Structured Knowledge Distillation for Dense Prediction

Published 11 Mar 2019 in cs.CV | (1903.04197v7)

Abstract: In this work, we consider transferring the structure information from large networks to compact ones for dense prediction tasks in computer vision. Previous knowledge distillation strategies used for dense prediction tasks often directly borrow the distillation scheme for image classification and perform knowledge distillation for each pixel separately, leading to sub-optimal performance. Here we propose to distill structured knowledge from large networks to compact networks, taking into account the fact that dense prediction is a structured prediction problem. Specifically, we study two structured distillation schemes: i) pair-wise distillation that distills the pair-wise similarities by building a static graph; and ii) holistic distillation that uses adversarial training to distill holistic knowledge. The effectiveness of our knowledge distillation approaches is demonstrated by experiments on three dense prediction tasks: semantic segmentation, depth estimation and object detection. Code is available at: https://git.io/StructKD

Abstract PDF Upgrade to Chat

Citations (548)

View on Semantic Scholar

Summary

The paper introduces structured distillation methods that leverage pair-wise and holistic approaches to capture spatial dependencies in dense prediction tasks.
It adapts a Markov random field framework and adversarial training to align teacher and student models for improved semantic segmentation, depth estimation, and object detection.
Experimental results demonstrate significant gains in mIoU and AP scores, enabling efficient deployment of compact models in resource-constrained environments.

Structured Knowledge Distillation for Dense Prediction

The paper "Structured Knowledge Distillation for Dense Prediction" by Yifan Liu et al. addresses the critical challenge of transferring structured information from large networks (teachers) to smaller, compact models (students) specifically for dense prediction tasks in computer vision. These tasks, which include semantic segmentation, depth estimation, and object detection, require detailed pixel-level predictions and are computationally intensive.
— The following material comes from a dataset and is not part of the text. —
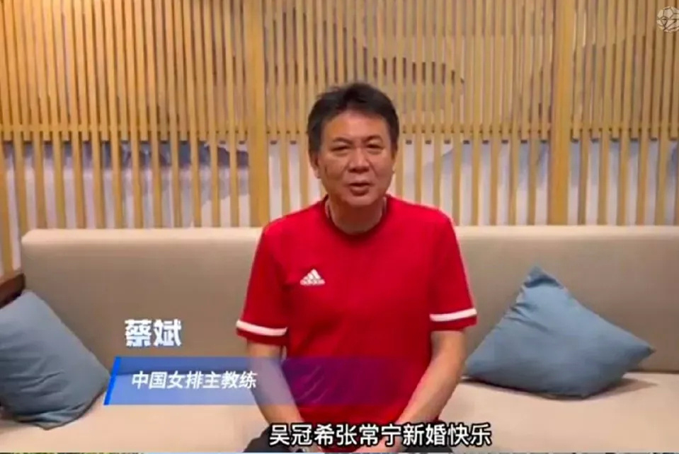 最后,她以录制视频的形式向张常宁送上祝福。视频中,郎平对无法出席婚礼表达了遗憾,而且还谈到了张常宁在19岁时进入国家队后,整体实力进步有目共睹。视频的最后,郎平祝愿张常宁和自己的亲密爱人能够白头偕老、相亲相爱。而与郎平相比,中国女排现任主教练蔡斌的视频祝福,让很多球迷哭笑不得。视频中,蔡斌表示,希望张常宁和吴冠希百年好合、新婚快乐。

The authors critique traditional knowledge distillation approaches that focus on image classification by performing pixel-wise distillation. Such methods, they argue, are sub-optimal for dense prediction tasks as they ignore the structured nature of these problems. To address this, the paper introduces two key structured distillation mechanisms: pair-wise distillation and holistic distillation.

Pair-Wise Distillation

In pair-wise distillation, the authors derive inspiration from the Markov random field framework to capture spatial labeling consistency. This approach involves building a static affinity graph to represent spatial pair-wise similarities across the network's feature space. The teacher and student networks are aligned using these pair-wise similarities, aiming to maintain both short and long-range structural information. The effectiveness of a fully connected graph and various granularities are extensively evaluated, showing substantial improvements over pixel-wise methods.

Holistic Distillation

Holistic distillation leverages adversarial training to align higher-order consistencies between outputs of the teacher and student networks. The authors employ a conditional generative adversarial network (GAN) to encode the knowledge about the quality of network outputs, enabling the student network to replicate the teacher's performance more effectively. The paper outlines how this method overcomes limitations of pixel-wise approaches by capturing holistic structural properties absent in lower-order labels.

Experimental Results

The paper substantiates its claims through comprehensive experiments across several state-of-the-art architectures and datasets like Cityscapes, CamVid, and ADE20K. Numerical results showcase considerable performance gains in mIoU (mean Intersection over Union) when employing the proposed distillation methods. For instance, using holistic distillation, MobileNetV2Plus achieved notable IoU improvements, particularly with complex, structured classes such as buses and trucks.

In depth estimation evaluated on NYUD-V2, the structured distillation improves the accuracy while decreasing the relative error significantly. On the detection side, the structured methods enhance the AP scores across students with varying architectural complexities.

Implications and Future Work

This work has profound implications for deploying neural networks in resource-constrained environments, such as mobile devices, by enabling smaller models to retain the performance of larger ones without increasing inference costs. The methods also promise enhancements for any task defined by dense prediction, as they exploit structural dependencies in data more effectively than traditional pixel-wise strategies.

Future exploration could explore applying these concepts to an even broader range of tasks or refining the granularity and scope of the affinity graphs used in pair-wise distillation. Additionally, exploring unsupervised or semi-supervised domains could further extend the applicability of structured distillation methods.

In conclusion, this paper provides significant advancements in knowledge distillation for dense prediction through innovative structured approaches. The results are not only empirically validated but also practically consequential, paving the way for more efficient and effective deployment of compact models in various applications.